- TASK ITEM: Please return every line of the material verbatim and skip any images.

○ ○ ○ ○ ○

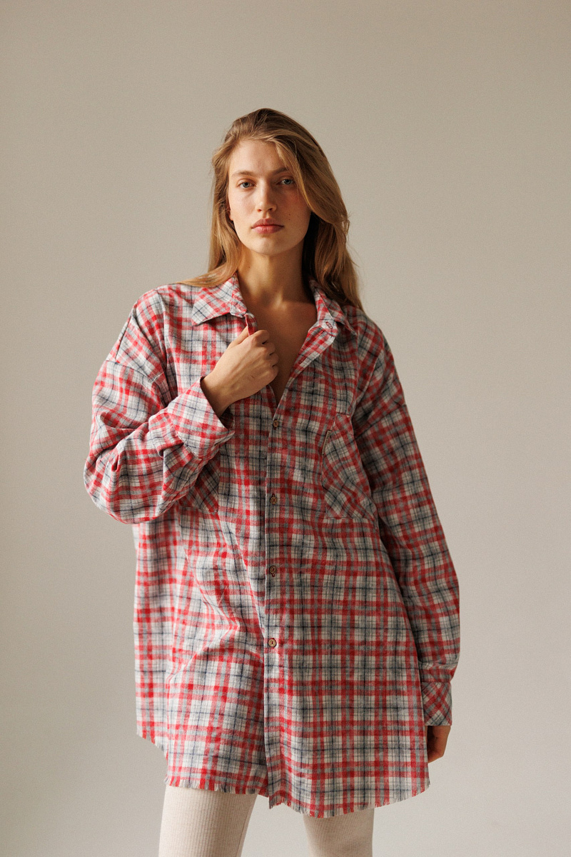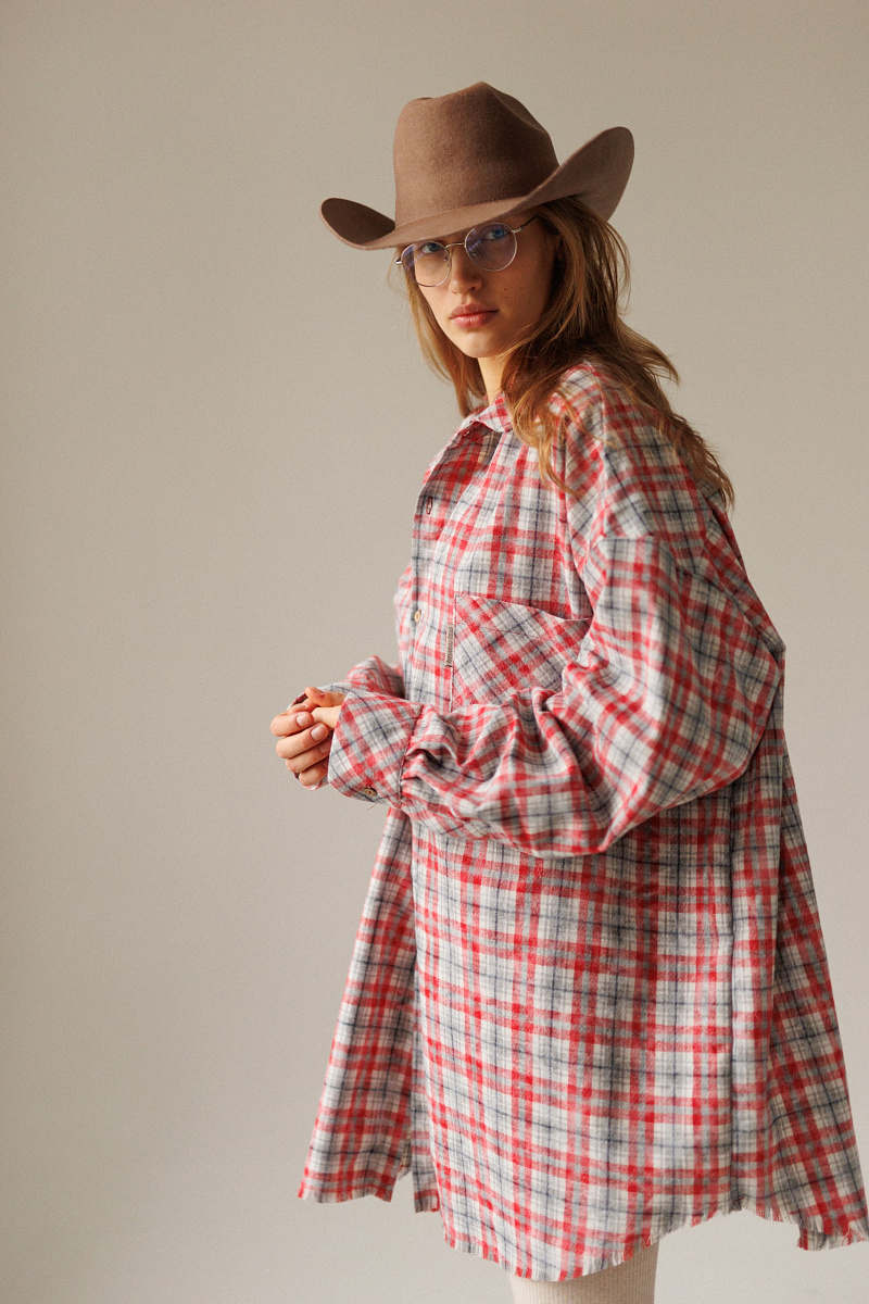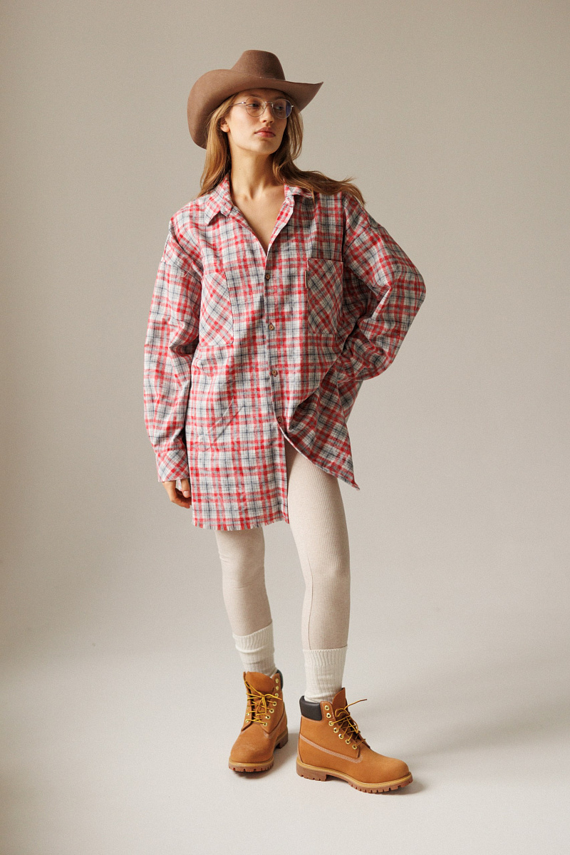 Крепление пуговиц на мужскую сторону. Бахрома идет по нижнему краю рубашки
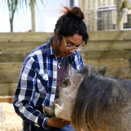 The staff at Alveus all work at our facility in Texas, providing care to our animal ambassadors on a daily basis, cleaning enclosures and maintaining the property, and ensuring we can provide the best online education experience for livestream viewers.
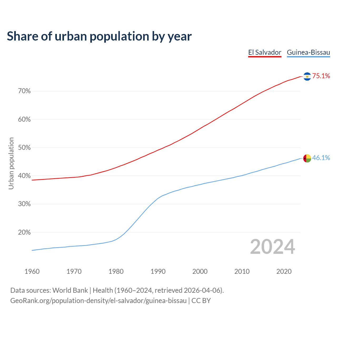 From 2004 to 2024, the share of urban population changed from 60.1% to 75.1% in El Salvador and from 38.1% to 46.1% in Guinea-Bissau.
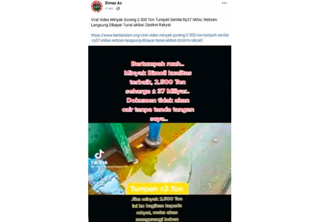 ”Viral Video Minyak Goreng 2.500 Ton Tumpah Senilai Rp37 Miliar, Netizen: Langsung Dibayar Tunai akibat Dzolimi Rakyat,’’ tulis akun Facebook Dimaz As pada 20 Maret 2022.
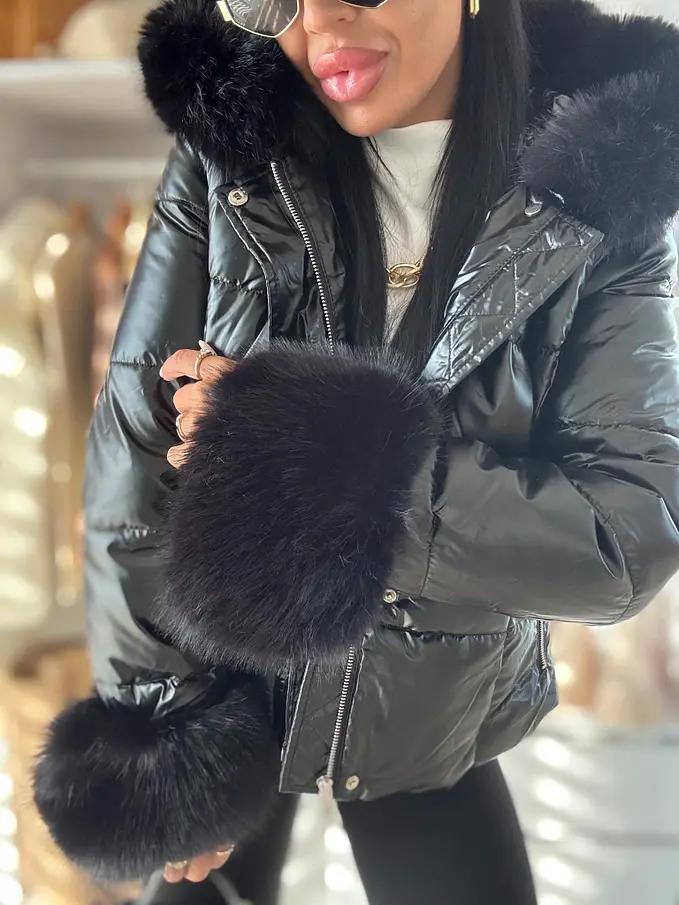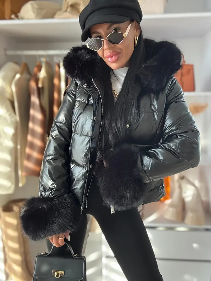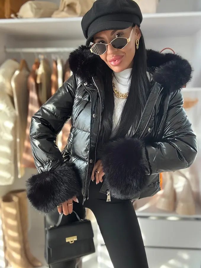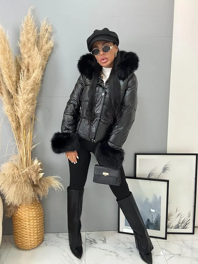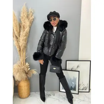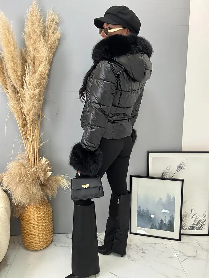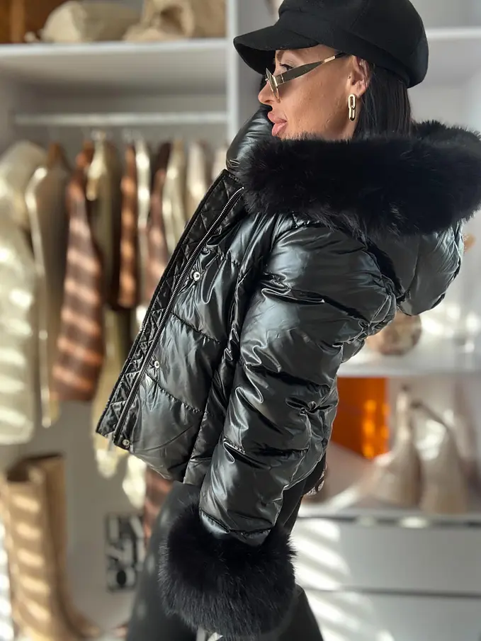 Materiál nie je elastický.Kabát sa zapína na zips a cvoky. Kapucňa je neodnímateľná. S odnímateľným kožušinovým lemom na golieri a rukávoch. Ozdoby sú strieborné.
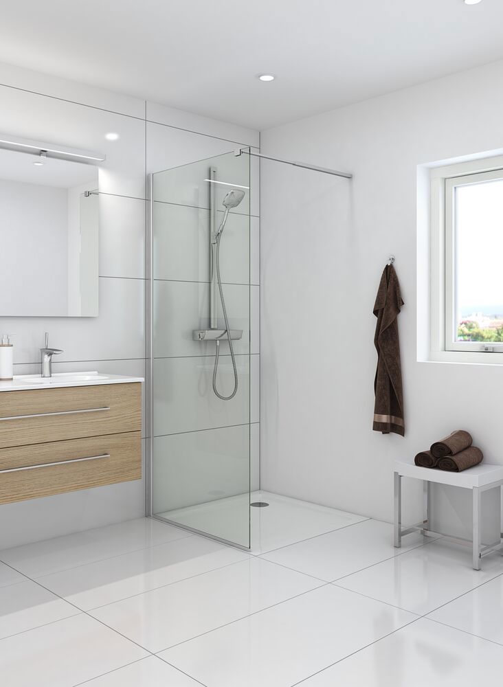 Der feste Duschwand wurde mit dem Ziel entwickelt, einen geräumigen und stilvollen Duschbereich zu schaffen, der vollständig an Ihren persönlichen Stil und Ihr Badezimmerdekor angepasst werden kann. Unsere festen Duschwände können mit anderen Duschabtrennungen aus dem Matzh Programm kombiniert werden und geben Ihnen die Möglichkeit, eine Lösung zu schaffen, die perfekt in Ihr Badezimmer passt. Vielleicht haben Sie viel Platz und können eine begehbare Dusche einrichten? Oder möchten Sie den festen Duschwand mit einer Drehtür kombinieren, um eine stabile und sichere Lösung zu erhalten? Wie auch immer Sie sich entscheiden, Sie können die Lösung finden, die am besten zu Ihnen passt. Das Glas an der festen Duschwand ist mit EasyCare behandelt, einer speziellen Beschichtung, die Wasser und Seifenreste abweist und so die Reinigung erheblich erleichtert. Das Glas ist außerdem gehärtet, und die starke Konstruktion und die soliden Materialien sorgen dafür, dass die Duschwand stabil und zuverlässig ist.
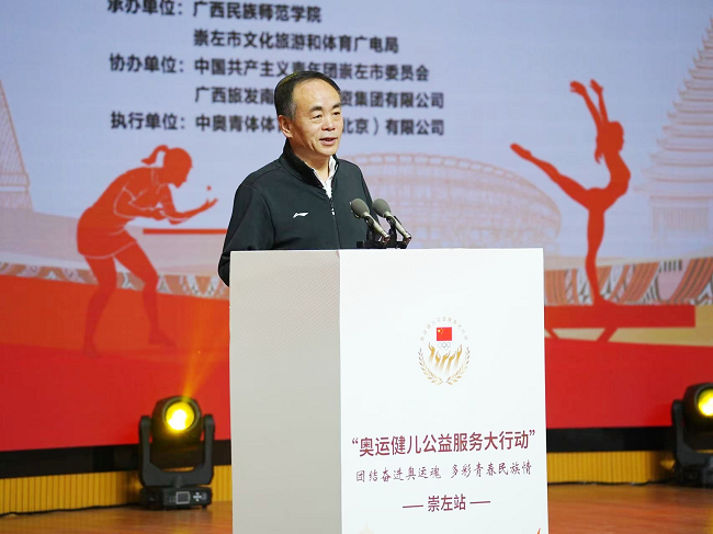 国家体育总局体育器材装备中心主任、中国奥委会市场开发部主任于建勇在致辞中表示,“奥运健儿公益服务大行动”作为一项品牌公益活动,旨在传播奥林匹克精神,激励大众拼搏进取。本次活动走进广西民族师范学院,正是希望让奥运精神与丰富多彩的民族体育文化交相辉映,共同搭建促进民族团结、全民健康的桥梁。他期待通过奥运健儿的故事与民族体育互动,激励青年学子,深化文化交流,让团结、奋进的体育精神广泛传播。

○ ○ ○ ○ ○

- SOLUTION TO THE PROBLEM:
 Крепление пуговиц на мужскую сторону. Бахрома идет по нижнему краю рубашки
 The staff at Alveus all work at our facility in Texas, providing care to our animal ambassadors on a daily basis, cleaning enclosures and maintaining the property, and ensuring we can provide the best online education experience for livestream viewers.
 From 2004 to 2024, the share of urban population changed from 60.1% to 75.1% in El Salvador and from 38.1% to 46.1% in Guinea-Bissau.
 ”Viral Video Minyak Goreng 2.500 Ton Tumpah Senilai Rp37 Miliar, Netizen: Langsung Dibayar Tunai akibat Dzolimi Rakyat,’’ tulis akun Facebook Dimaz As pada 20 Maret 2022.
 Materiál nie je elastický.Kabát sa zapína na zips a cvoky. Kapucňa je neodnímateľná. S odnímateľným kožušinovým lemom na golieri a rukávoch. Ozdoby sú strieborné.
 Der feste Duschwand wurde mit dem Ziel entwickelt, einen geräumigen und stilvollen Duschbereich zu schaffen, der vollständig an Ihren persönlichen Stil und Ihr Badezimmerdekor angepasst werden kann. Unsere festen Duschwände können mit anderen Duschabtrennungen aus dem Matzh Programm kombiniert werden und geben Ihnen die Möglichkeit, eine Lösung zu schaffen, die perfekt in Ihr Badezimmer passt. Vielleicht haben Sie viel Platz und können eine begehbare Dusche einrichten? Oder möchten Sie den festen Duschwand mit einer Drehtür kombinieren, um eine stabile und sichere Lösung zu erhalten? Wie auch immer Sie sich entscheiden, Sie können die Lösung finden, die am besten zu Ihnen passt. Das Glas an der festen Duschwand ist mit EasyCare behandelt, einer speziellen Beschichtung, die Wasser und Seifenreste abweist und so die Reinigung erheblich erleichtert. Das Glas ist außerdem gehärtet, und die starke Konstruktion und die soliden Materialien sorgen dafür, dass die Duschwand stabil und zuverlässig ist.
 国家体育总局体育器材装备中心主任、中国奥委会市场开发部主任于建勇在致辞中表示,“奥运健儿公益服务大行动”作为一项品牌公益活动,旨在传播奥林匹克精神,激励大众拼搏进取。本次活动走进广西民族师范学院,正是希望让奥运精神与丰富多彩的民族体育文化交相辉映,共同搭建促进民族团结、全民健康的桥梁。他期待通过奥运健儿的故事与民族体育互动,激励青年学子,深化文化交流,让团结、奋进的体育精神广泛传播。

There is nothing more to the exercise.